Again, it’s AI that enables the reading and mostly rapid comparison of DNA codes from end to end. 

“Obviously you don’t always need DNA [to make an identification] but with the devastating events of October 7, DNA really comes to the rescue,” he explained. 

“The challenge is that we’re looking at tiny pieces of DNA. They are tiny because many of them are degraded or burned and of very low quality. You can have an overlap of DNA, a partial DNA, or a DNA of a person that doesn’t have a reference to compare it to and then and you have to compare it to DNA from family members. So you have to apply AI tools to find or separate the multiple genomes you’re looking at.”

AI and PTSD 

“Because of the terrible events of October,” Shomron continued, “we are trying to decide if we should put more emphasis not only on identification but also taking care of future soldiers and civilians.” 

For instance, Shomron is involved in a longstanding study with Prof. Talma Hendler attempting to determine the resilience of individual soldiers and their susceptibility to post-traumatic stress disorder (PTSD). 

Hendler does functional MRI (fMRI) studies to see changes in the soldiers’ brains during certain activities. Shomron’s lab translates the results into molecular events. 

The eventual goal: a simple blood test to predict a soldier’s likelihood of developing PTSD so that early preventive intervention can be done.
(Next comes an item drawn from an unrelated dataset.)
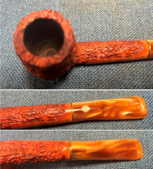 Jeff took photos of the rim top and stem to show the general condition of the pipe. The bowl is heavily caked and there was heavy lava in the rustication on the rim top and inner edge. I am hoping that once the lava is removed the edge will be okay. The stem looked good under the dirt and grime. It had some light tooth marks or chatter. It should cleanup very well.

“Another study we are carrying out is on different types of therapies. One is THC, the active ingredient in cannabis. We see that THC alleviates symptoms in mice suffering from depression or PTSD or other diseases. We are going into their brains and checking changes in mRNA to show we can affect the gene expression in the brain,” said Shomron. 

“We work to combine medicine and AI to show that we can try, with resilience, to overcome these difficult times. We really believe our concept has changed since October and we have to focus our studies more on PTSD and depression,” he said. 

“And in spite of everything, we have to keep going. This is our resilience.”